I used my own metric that is based on jaccard similarity. Which in turn is based on "users who posted to X also posted to Y" metric.

That said, there are a few subreddits that are too popular and similarity results were too saturated (/r/videos, /r/funny, etc.) so I did a manual override by looking into most commonly mentioned other subreddits, and sometimes into `about` blurb of subreddit).

Please don't consider these recommendation as source of truth! It's just a fun way to discover other subreddits :).

I'm also very open to change this metric to something else - please let me know if you have any recommendations!

[1]: https://github.com/anvaka/sayit#the-data - describes the data, indexing scripts are here: https://github.com/anvaka/sayit/tree/master/scripts

[2]: Manual overrides can be found here https://github.com/anvaka/sayit-data#sayit---recommendation-...

ketralnis · on Jan 29, 2020

I work for reddit and here I’ve used a similar technique to your jaccard distance but with one twist: divide by the size of the smaller subreddit (in your case, the number of unique posters that you’ve recorded). That gives you a directional relatedness, that is programming->python but not necessarily python->programming.

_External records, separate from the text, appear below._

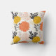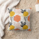 Naadloos patroon met bloemen, zwarte bladeren en takken op een witte achtergrond. De bloemen zijn oranje, geel en wit. De bladeren zijn zwart en de takken zijn grijs. Het patroon wordt herhaald en de bloemen worden in willekeurige volgorde gerangschikt.
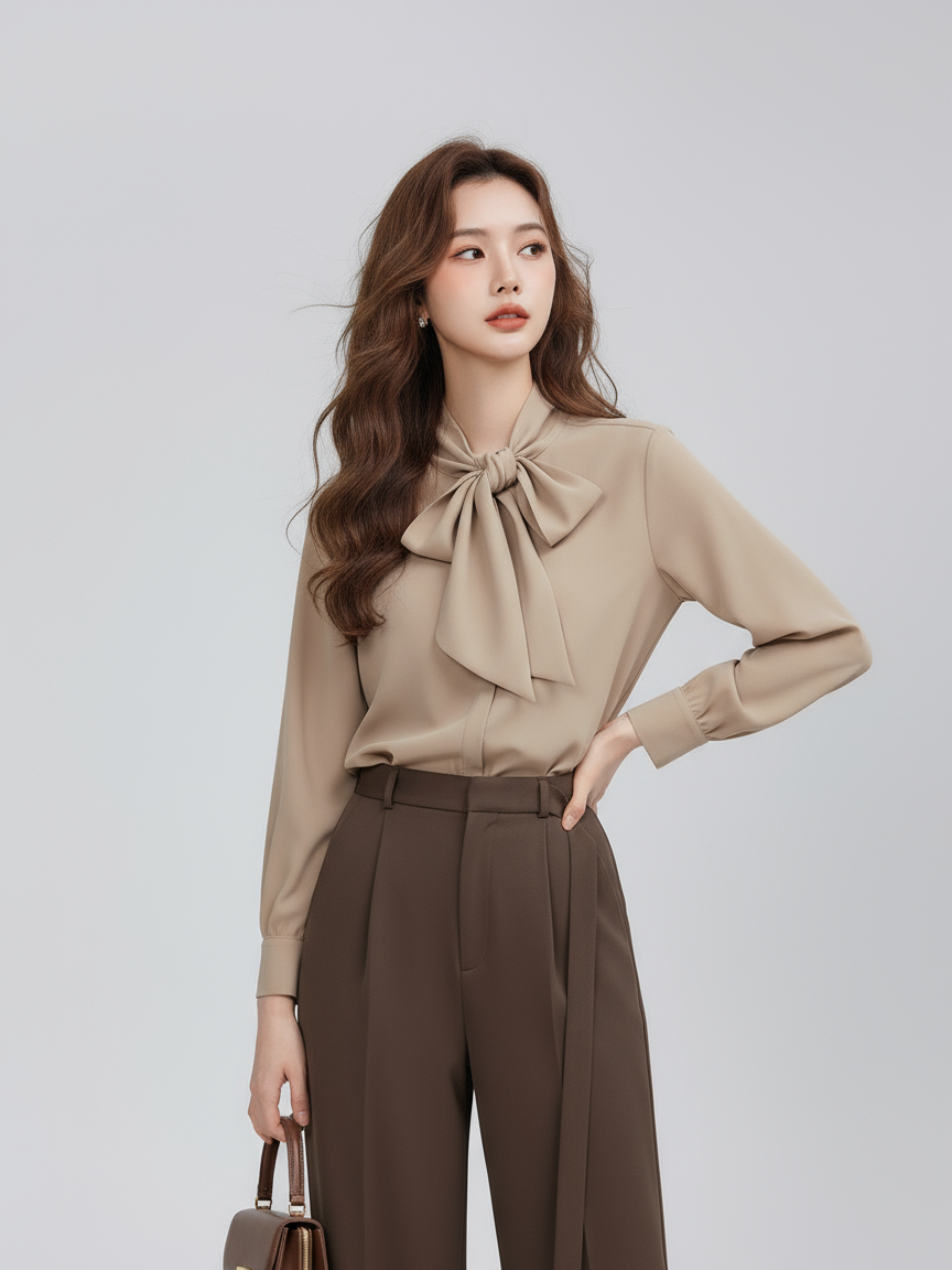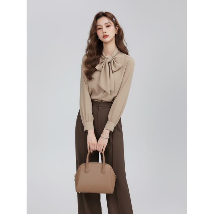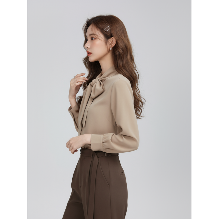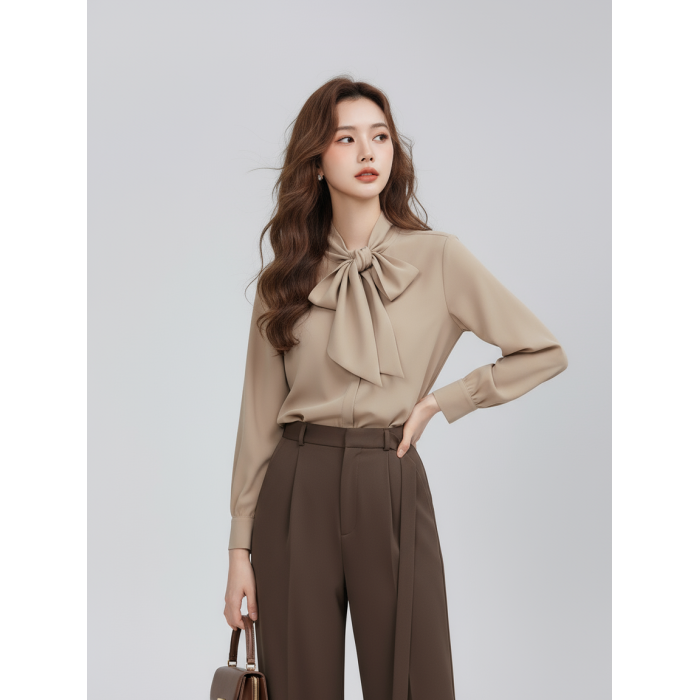 秋冬新款復古浪漫蝴蝶結襯衫女中淑韓版優雅氣質長袖輕熟雪紡上衣
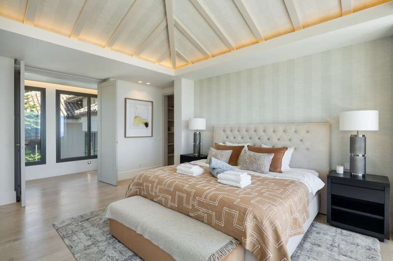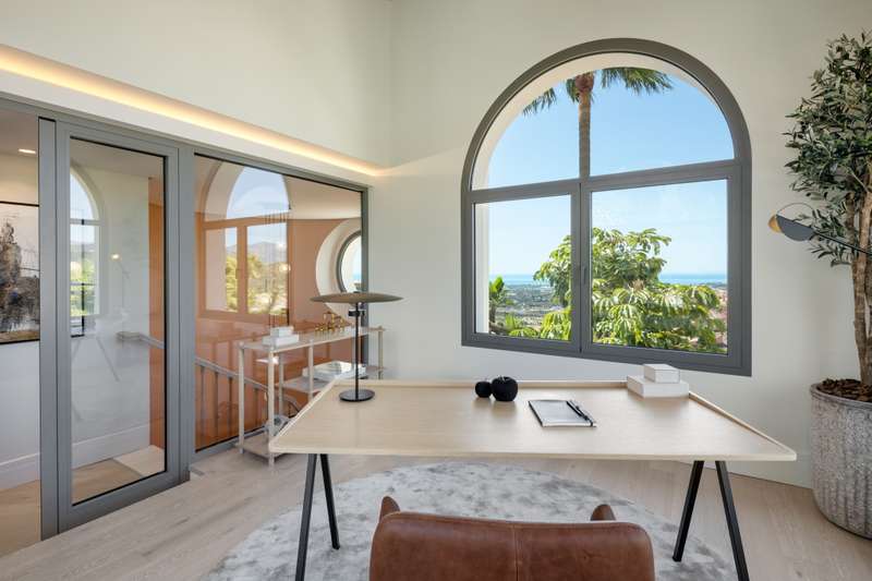 Villa Aguila is a remarkable villa for sale in Monte Halcones, Benahavís, offering a refined balance of modern elegance and timeless Andalusian character. Fully renovated in 2022, this three-story residence is set within a secure gated community that ensures privacy while maintaining excellent connections to the surrounding Costa del Sol. With captivating views over the Mediterranean Sea, the mountains, and its private pool area, this property is designed for discerning buyers seeking both comfort and sophistication. Inside, the villa reveals a carefully planned layout that accommodates seven spacious bedrooms, each with its own en-suite bathroom, allowing every family member or guest to enjoy a private retreat. The interiors are defined by a thoughtful interplay of light and space, enhanced by polished marble floors, warm wooden details, and contemporary furnishings that complement the home’s architectural vision. An expansive living and dining area connects seamlessly to the outdoor
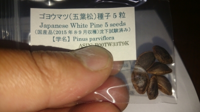JUGEMテーマ:盆栽 おはようございます、モンカベです。 見つけて買ってしまいました 大手通販サイト、アマ・・なんとか、で買ってしまいました 5粒しか入っていませんが、沈下試験をして、 沈んだものだけ入っているようです。 100%芽が出るとは思いませんが、 今から、ドキドキです 今年も、何種類か種を蒔いてみたいと思っています。 それではまた今度
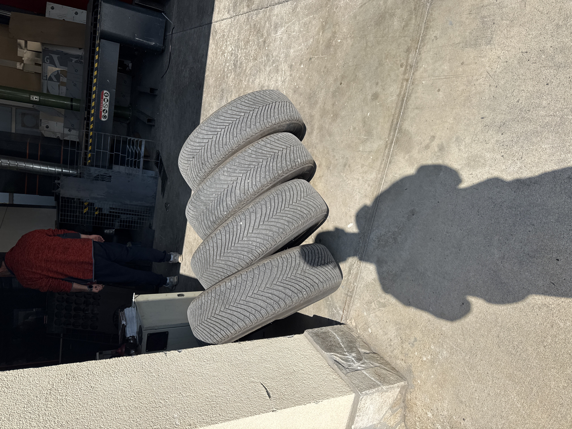 The scene depicts an outdoor concrete area adjacent to a building in the city of Kazichene, Bulgaria. In the immediate foreground, four dark grey all-season tires with a distinct chevron tread pattern are positioned upright, leaning against a textured, light-colored stucco pillar. The base of the pillar is clad with light grey stone or concrete blocks. A large, indistinct human shadow is cast onto the concrete ground in the lower-center, indicating the position of the photographer relative to the strong overhead sunlight. In the mid-ground, an adult male, seen from behind, is standing near an entrance to what appears to be a workshop or industrial facility. He is wearing a red, heathered long-sleeved shirt, dark blue or black pants, and light-colored athletic shoes. A dark watch is visible on his left wrist. The interior of the facility, visible beyond the man, contains industrial machinery. A prominent dark-colored machine with yellow and black striped safety tape and red warning labels ("WARNING" and hazard symbols) is visible. Behind it, various metal structures, possibly shelving or equipment components, and stacks of materials are present. A tall, dark green vertical pipe or column is also visible. To the left of the man, a light-colored utility cabinet with a ventilation grille is situated against the wall, with a stack of papers or flat objects on its top surface. The ground is a worn concrete slab with visible seams and minor irregularities. The overall lighting is bright, with strong shadows indicating direct sunlight.
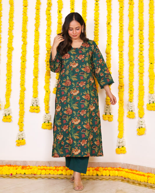 Tia Red Bagru HandBlock Print Cotton Kurta Set

Used this way you account for the giant subreddit problem automatically but now the results are less “amitheasshole is related to askreddit” and more like “linguisticshumor is a more niche version of linguistics”.

The great thing is that it’s actually more actionable as far as recommendations go! Everybody has already heard of the bigger version of this subreddit, but they probably haven’t heard of the smaller versions. And it’s self-correcting. As a subreddit gets bigger we are less likely to recommend it (which is great because it needs our help less)

anvaka · on Jan 29, 2020

This is super awesome, thank you for sharing!

If you guys are interested in seeing how your recommendation work for the entire reddit, I'd be happy to build you a spaceship similar to this one https://github.com/anvaka/word2vec-graph .

I couldn't find an easy way to download the entire recommendation graph, but it would be awesome if we could make it work. My email is the same as this account at gmail, and twitter is all open: https://twitter.com/anvaka

yantrams · on Jan 29, 2020

In case you haven't come across it already, here is a very exhaustive list of distance measures for dealing with problems of this kind - http://www.iiisci.org/journal/CV$/sci/pdfs/GS315JG.pdf

I fooled around a bit with lastfm data for band recommendation and found this sheet quite helpful.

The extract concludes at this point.